Extracted records:
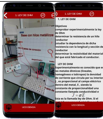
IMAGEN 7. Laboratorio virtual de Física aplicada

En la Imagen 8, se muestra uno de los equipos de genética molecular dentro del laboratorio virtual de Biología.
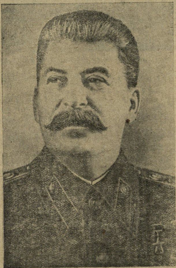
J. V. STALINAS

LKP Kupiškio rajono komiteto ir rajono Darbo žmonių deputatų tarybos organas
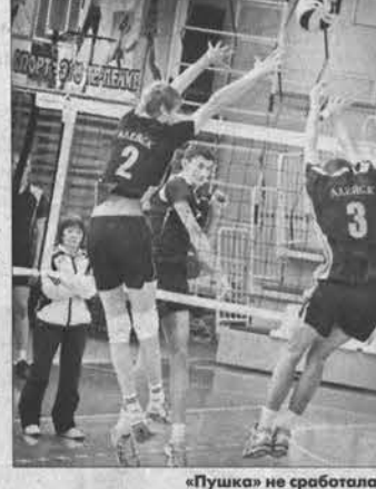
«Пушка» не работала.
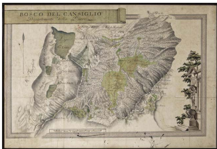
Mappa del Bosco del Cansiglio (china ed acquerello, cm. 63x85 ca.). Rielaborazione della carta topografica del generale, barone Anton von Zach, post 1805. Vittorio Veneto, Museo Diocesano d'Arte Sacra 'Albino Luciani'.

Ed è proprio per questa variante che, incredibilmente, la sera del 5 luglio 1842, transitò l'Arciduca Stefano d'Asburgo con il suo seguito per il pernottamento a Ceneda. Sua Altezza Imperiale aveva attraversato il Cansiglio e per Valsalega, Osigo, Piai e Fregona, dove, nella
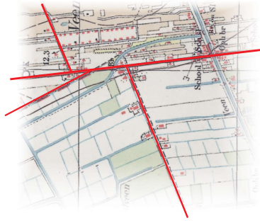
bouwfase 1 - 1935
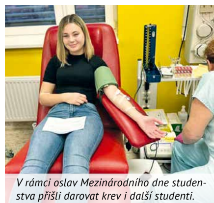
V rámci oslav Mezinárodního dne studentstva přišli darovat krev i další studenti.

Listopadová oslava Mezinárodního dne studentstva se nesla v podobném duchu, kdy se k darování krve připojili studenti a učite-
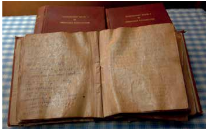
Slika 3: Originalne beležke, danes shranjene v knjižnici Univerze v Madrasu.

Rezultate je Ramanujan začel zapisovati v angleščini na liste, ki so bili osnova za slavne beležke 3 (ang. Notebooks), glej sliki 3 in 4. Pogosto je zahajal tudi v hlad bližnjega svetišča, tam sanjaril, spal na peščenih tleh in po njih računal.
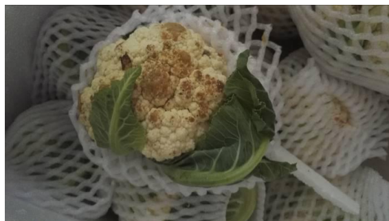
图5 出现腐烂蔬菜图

## Problem requirements
The required output is a verbatim repetition of the lines from the opening of the entries above through the line containing "LKP Kupiškio rajono", inclusive, with no pictures and nothing else.

## Exercise result
IMAGEN 7. Laboratorio virtual de Física aplicada

En la Imagen 8, se muestra uno de los equipos de genética molecular dentro del laboratorio virtual de Biología.
J. V. STALINAS

LKP Kupiškio rajono komiteto ir rajono Darbo žmonių deputatų tarybos organas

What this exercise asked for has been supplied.